Factory worker Luca Codazzi was set to come out of a two-week quarantine at midnight Sunday — but instead was facing new limits on his freedom.

The government decree “was badly written, there are very many interpretations," he said. “In theory, the cordon should go down at midnight. The problem is, there are various reasons one can travel” within Lombardy, but those reasons aren’t clear, he said. He still doesn't know whether his factory will be open Monday.

Elsewhere, the virus outbreak has left the cruise ship industry in disarray.

The Grand Princess cruise ship, where 21 people have tested positive for the virus, was heading Sunday to Oakland after idling off San Francisco for days.
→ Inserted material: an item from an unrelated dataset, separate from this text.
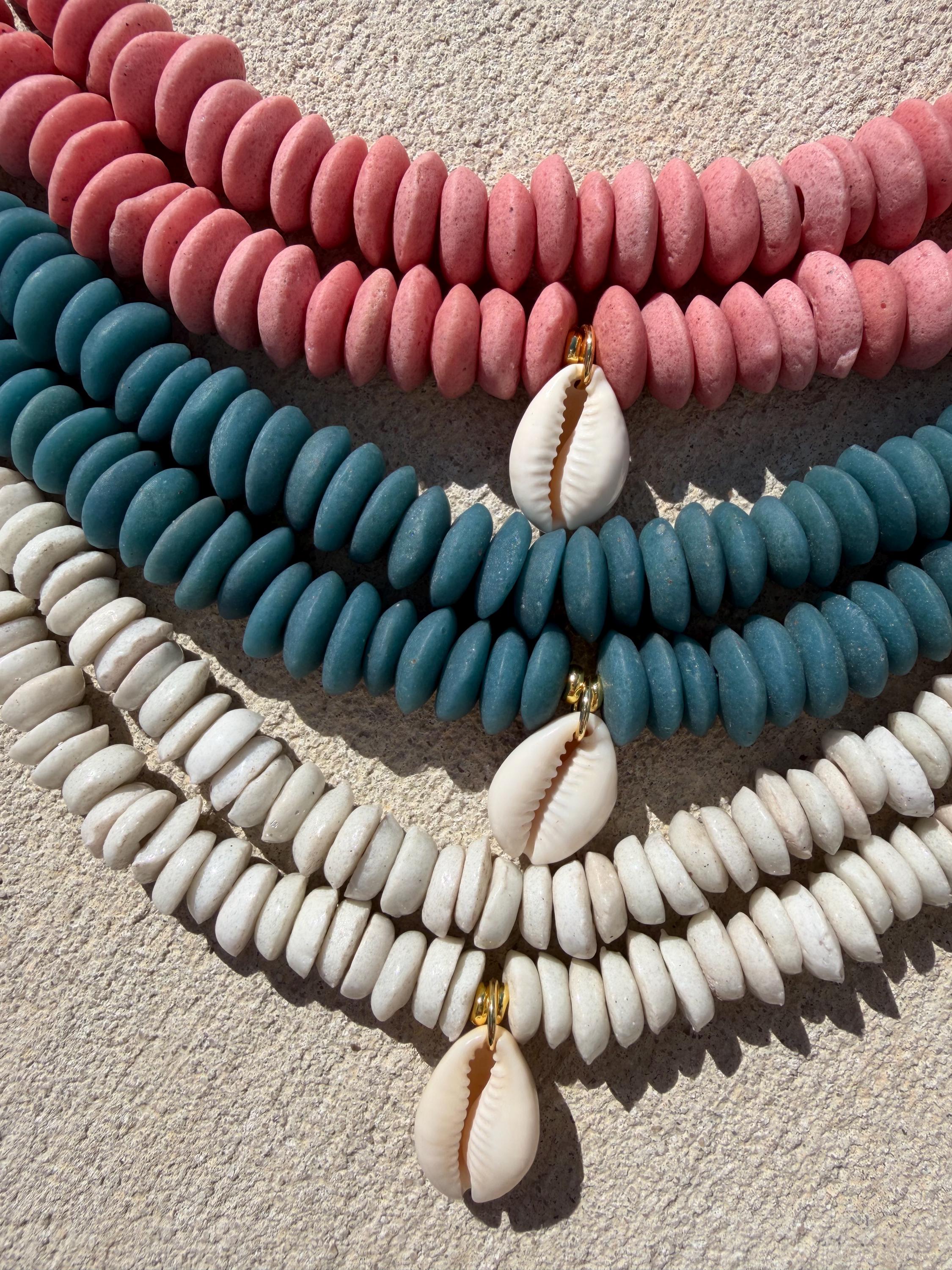 Our jewelry is handcrafted using glass beads, natural stones, wood, and 14k gold plated or stainless steel components. Every piece is made with quality and durability in mind.

It expects to reach port on Monday. Dozens of Americans will be transferred to a military base outside Atlanta for testing, but it's not yet clear what will happen to passengers from other countries. The ship had a cluster of almost 20 infections during an earlier voyage that has led to one death.

Another cruise ship is in quarantine on the Nile in Egypt with 45 confirmed virus cases. Two other ships with no confirmed cases were turned away this weekend from Malaysia and Malta amid virus fears.

The U.S. Centers for Disease Control and Prevention urged older adults and people with severe medical conditions to "stay home as much as possible" and avoid crowds. A federal official told the Associated Press that the White House had overruled health officials who wanted to recommend that elderly and sick Americans not fly on commercial airlines too. A spokesman for U.S. Vice President Mike Pence denied that.

The U.S. death toll from the virus climbed to 19, with most victims in Washington state. Infections rose to over 430, including the first case in the nation’s capital.

As the virus spreads, dozens of research groups around the world are racing to create a vaccine.

As of Saturday, nearly 90,000 cases have been reported in Asia; nearly 10,000 in Europe; about 7,000 in the Mideast; around 450 in North America, Latin America and the Caribbean, and fewer than 50 cases reported so far in Africa. More than 60,000 people have recovered worldwide.

China on Sunday reported 44 new cases over the past 24 hours, the lowest level since it began publishing nationwide figures on Jan 20, and 27 new fatalities. South Korea reported 272 new cases, taking its total to 7,313, with 50 deaths overall.